The varied cries of “this is not who we are” illustrate the realization by the supporters of the old older that the United States has reached a point where change is possible. The fact that it is now possible to be “who we aren’t” or to claim that “Anton is disconnected from the traditional vision of America” shows that the horizon has widened beyond the atrophied and constricted boundaries of “traditional” (read “permitted by the current elites”) opinion. In the existential crisis of the Machiavellian Moment, space is opened up for a new establishment by the Machiavellian Reformer whose goal is the restoration of social and political order within a new paradigm of statecraft.

The Machiavellian Reformer is the late republican counterpart to the Founding Father. Like the Founding Father, the Reformer is a great and gifted leader with a mind toward history and concerned with the perpetuation of his nation into the historical horizon. The Founder creates a nation out of nothing, but the Reformer finds his nation amidst the chaos of the Machiavellian Moment. The genius of the Reformer is that he takes the decayed foundation of the Republic and forms it into a new structure suited to sustain the weight of the nation, thus following in the Founder’s footsteps as a Second Father of the nation. The New Foundation will not be identical to the old and may alter or change many of the most cherished Founding principles but will nevertheless carry many of the names and symbols associated with it in new forms. Examples of such leaders in the Roman Republic include Camillus, Sulla, and Augustus; writers like Harry Jaffa suggest that this kind of reformation has already occurred in the United States under Lincoln.

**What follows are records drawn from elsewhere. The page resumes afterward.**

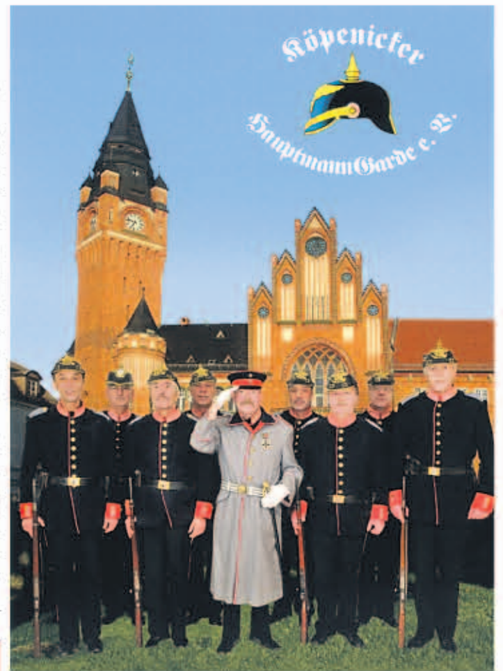
Saisonstart. Am Samstag, 6. März, ist es wieder so weit. Dann startet die Köpenicker Hauptmanngarde in die neue Tourismussaison. Unter dem Kommando des Schusters Voigt wird ab sofort jeden Mittwoch und Samstag zur Freude aller Schaulustigen das Köpenicker Rathaus gestürmt. Beginn ist immer um 11 Uhr. Für weitere Informationen bitte eine Mail schicken an die Adresse koepenicker_hauptmanngarde@online.de.

GEHEN SIE AUF NUMMER SICHER MIT ATTRAKTIVEN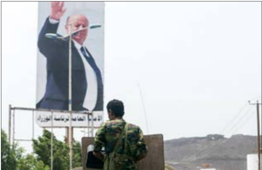
لا يستبعد متابعون الخبار هدنة حدة، وإن ينكر مشهد الاتفاق في عدن (اف ر ب)

الجنوب عن تحول العمل مع «الهلال الأحمر» إلى مدخل للتجنيد الأمني، على أن أبرز ما قامت به الإمارات جنوب اليمن، هو تأسيس «المجلس الانتقالي الجنوبي» الذي يضم قيادات ميدانية وسياسية من حوالي 27 قبائلاً لديهم مكتب سياسي ومجلس نيابي، إضافة إلى مجلس تنفيذي ومجالس فرعية، مع الحرص الدائم من جانب ابوظبي على استضافة قيادات «المجلس الانتقالي» البارزة في داخل الإمارات، لا سيما عبدالرسول الزبيدي وهادي بن بريك، وتنفق عليهم مبالغ طائلة في ما بات يعرف في الجنوب بـ«الصفيات الخفية»، من دون إغفال اتفاق الإمارات ملايين الدولارات على وسائل إعلامية ومواقع إخبارية رقمية ومنصات التواصل الاجتماعي، إضافة إلى مواقع إلكترونية، وإذاعات، وفضائيات، أبرزها «الغد المشرق» التي تبث من ابوظبي.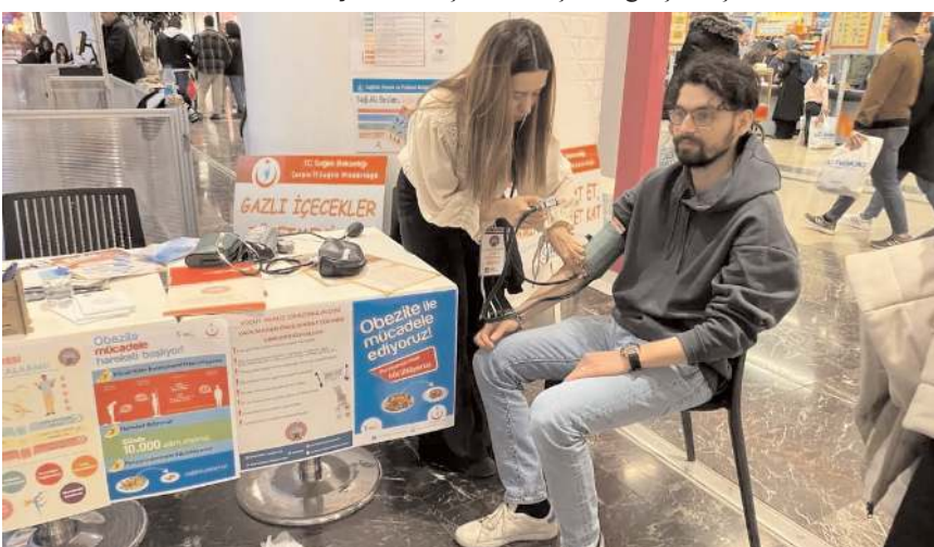
Vatandaşların tansiyon ölçümü yapıldı.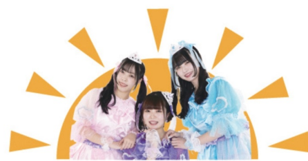
今年は私たち pacchi がバスガイドをつとめます!

各会場に設置した参加シートにスタンプを集めて、 先着で素敵な景品をGET! 4個全てのスタンプを集めた方には抽選で各社から お礼の品が!?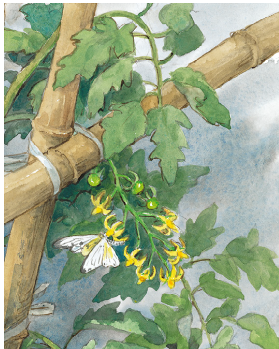
le plant est en fleur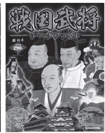
(ディアゴスティーニ 週刊 戦国武将データファイル)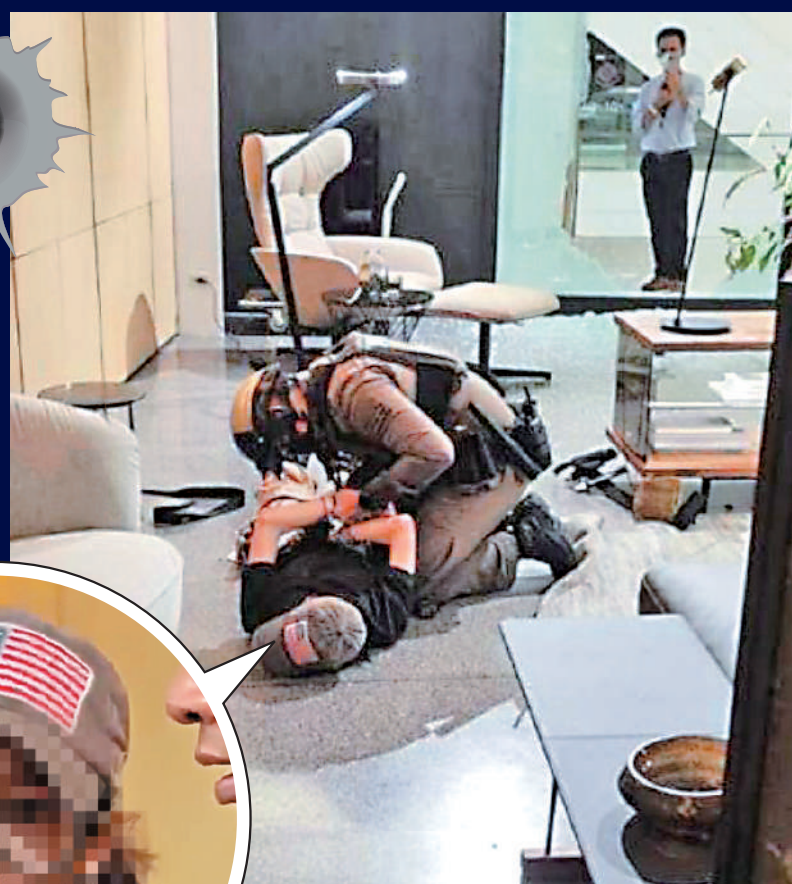
◀◀ 14歲槍手被捕，槍手戴有一頂美國國旗圖案的棒球帽。

Ultimately, in this Machiavellian Moment, policy fixes are insufficient to deal with this moment in history. Attempting to preserve the institutions and ideals which failed in this historical moment is like trying to put new wine in old wineskins. The appeal to the policies and ideas of the Founding Fathers or any other attempt to force adherence to the failed ideologies of the current, dying paradigm of politics is a sure way to fail in this Moment and march down the path of every other decadent empire which preceded the United States in history.

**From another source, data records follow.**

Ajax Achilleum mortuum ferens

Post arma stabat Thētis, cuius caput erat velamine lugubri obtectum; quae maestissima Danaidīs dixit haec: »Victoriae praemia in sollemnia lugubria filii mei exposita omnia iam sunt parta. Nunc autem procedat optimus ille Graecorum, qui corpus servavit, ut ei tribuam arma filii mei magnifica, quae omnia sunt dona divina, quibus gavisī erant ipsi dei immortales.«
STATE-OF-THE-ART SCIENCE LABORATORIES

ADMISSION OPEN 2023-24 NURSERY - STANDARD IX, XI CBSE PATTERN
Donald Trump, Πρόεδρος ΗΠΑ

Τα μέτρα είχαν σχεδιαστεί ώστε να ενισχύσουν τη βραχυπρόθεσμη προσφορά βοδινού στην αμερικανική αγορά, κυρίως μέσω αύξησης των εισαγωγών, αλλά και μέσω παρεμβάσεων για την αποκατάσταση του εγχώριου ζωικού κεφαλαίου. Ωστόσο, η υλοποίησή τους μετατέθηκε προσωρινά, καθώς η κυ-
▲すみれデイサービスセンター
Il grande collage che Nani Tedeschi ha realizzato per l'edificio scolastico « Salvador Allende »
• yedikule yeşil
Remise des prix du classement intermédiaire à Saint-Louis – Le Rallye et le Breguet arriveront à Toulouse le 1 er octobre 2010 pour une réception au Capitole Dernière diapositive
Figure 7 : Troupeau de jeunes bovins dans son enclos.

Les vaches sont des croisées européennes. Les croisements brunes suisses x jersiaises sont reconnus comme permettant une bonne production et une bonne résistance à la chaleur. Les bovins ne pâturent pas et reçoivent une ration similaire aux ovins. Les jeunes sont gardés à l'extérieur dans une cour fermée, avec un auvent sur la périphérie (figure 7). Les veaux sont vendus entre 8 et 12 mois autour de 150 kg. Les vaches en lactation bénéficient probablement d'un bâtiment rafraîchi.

Ultimately, nothing lasts forever and the United States will join the rest as a chapter in a history book. Perhaps the Machiavellian Reformer will not arise. Perhaps he already has. It is openness to real change, not the false, superficial change of the progressives but a world-historic change in civilizational course upon principles distinct from this decaying Third Age, which might permit, if we are lucky, the preservation of this particular American social order. Immigration and public policy are symptoms of the fact that this historic era is coming to a close, much as the Classical and Medieval periods decayed into their successors.

The cure is a Restoration, a New Age, a New Founding for America.